May 17

What was advertised in a colonial American newspaper 250 years ago today?

May 3 - 5:3:1768 South-Carolina Gazette and Country Journal
Supplement to the South-Carolina Gazette and Country Journal (May 17, 1768).

“He has removed from Dorchester to Charles-Town.”

William Proctor, a tailor, placed an advertisement in the South-Carolina Gazette and Country Journal when he relocated from the small town of Dorchester on the Ashley River to the bustling urban port of Charleston. He addressed his notice to both “his Friends in particular, and the Public in general,” a strategy intended to maintain any clients who wished to patronize him at his new location as well as introduce him to the residents of Charleston.

Given that Dorchester, a town already in decline and abandoned after the American Revolution, was eighteen miles from Charleston, Proctor probably had few existing customers in his new city. After all, residents could choose from among many tailors and others who worked in the garments trades in one of the largest ports in the American colonies. Still, acknowledging “his Friends in particular” in his advertisement served an important purpose. It signaled to prospective clients that he had experience pursuing his trade, that he had previously cultivated a clientele in Dorchester and thus deserved their consideration now that he set up shop in Charleston.

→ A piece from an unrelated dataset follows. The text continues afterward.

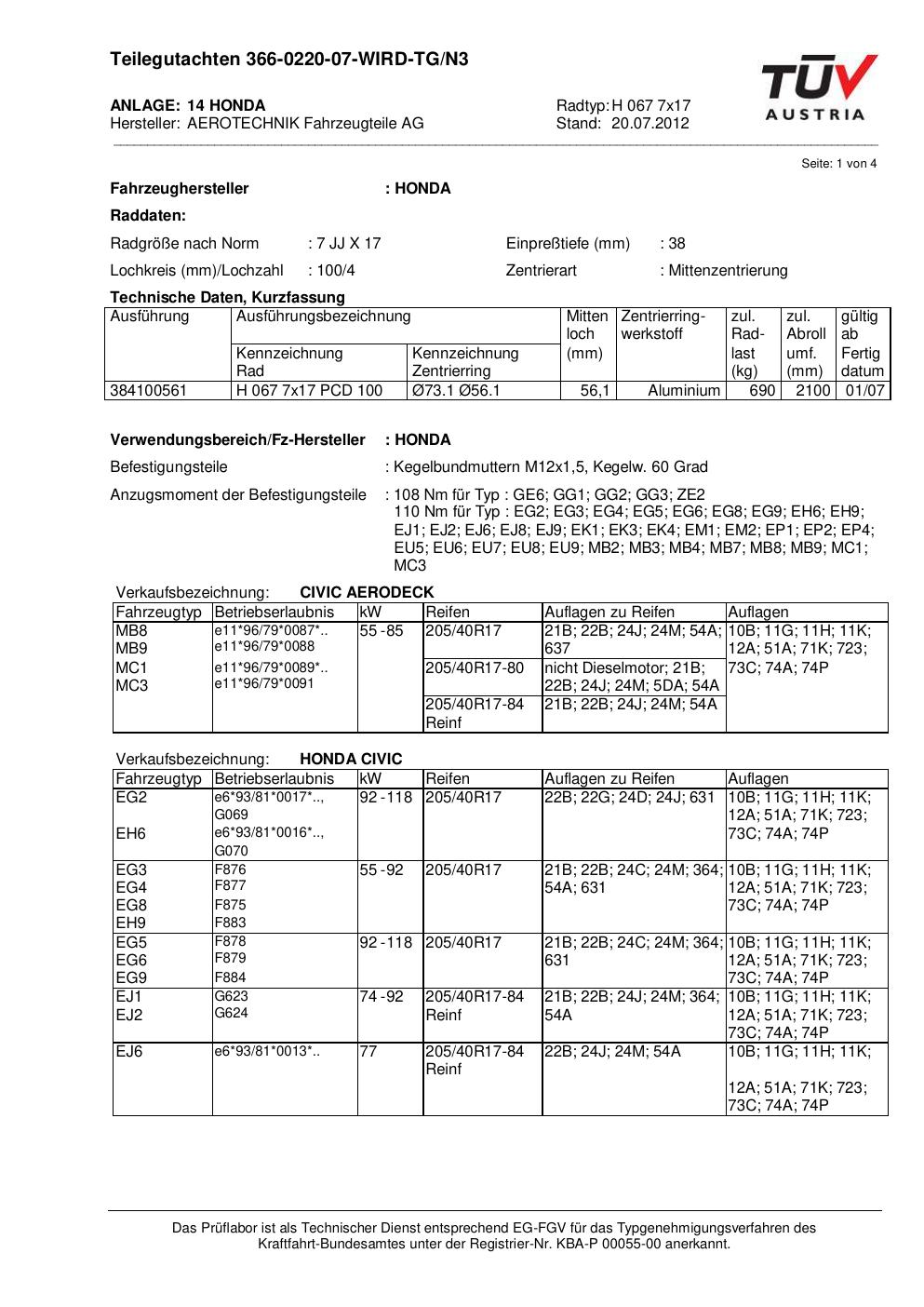 Dieses Gutachten (teilegutachten) bezieht sich auf die Alufelge co-rod H 067 7x17 in der Ausführung 7Jx17 ET 0, Mittenloch 0 mm . Im PDF findest du typischerweise zulässige Reifengrößen, Auflagen/Anbauhinweise und – je nach Dokument – Hinweise zur Eintragung.

He enhanced that appeal by underscoring that “he continues to make it his Study to carry on the Business to the Satisfaction of all who please to favour him with their Commands.” Proctor provided his own testimonial about the quality of the garments he made and the level of customer satisfaction he previously achieved, promising that new clients would not be disappointed if they engaged his services. In case some prospective customers remained skeptical about the clothing he produced, the tailor proclaimed that he constructed garments “in the newest Fashion, and genteelest Manner, not inferior to any in America.” In so doing, he cautioned readers not to dismiss him as a backwoods amateur merely because he had lived and worked outside the colony’s largest city. Instead, he pledged that he was as familiar with current trends – and capable of replicating them – as tailors from Charleston as well as Philadelphia and New York. That he made such a claim at all suggested that he was prepared for prospective clients to assess his efforts and reach their own conclusions, realizing that word of his ineptitude would spread if he did not manage to achieve “the Satisfaction of all who please to favour him with their Commands.” Proctor’s advertisement established a narrative about his skills and the types of garments he created, but consumers possessed the power to verify or discredit the reputation he attempted to construct.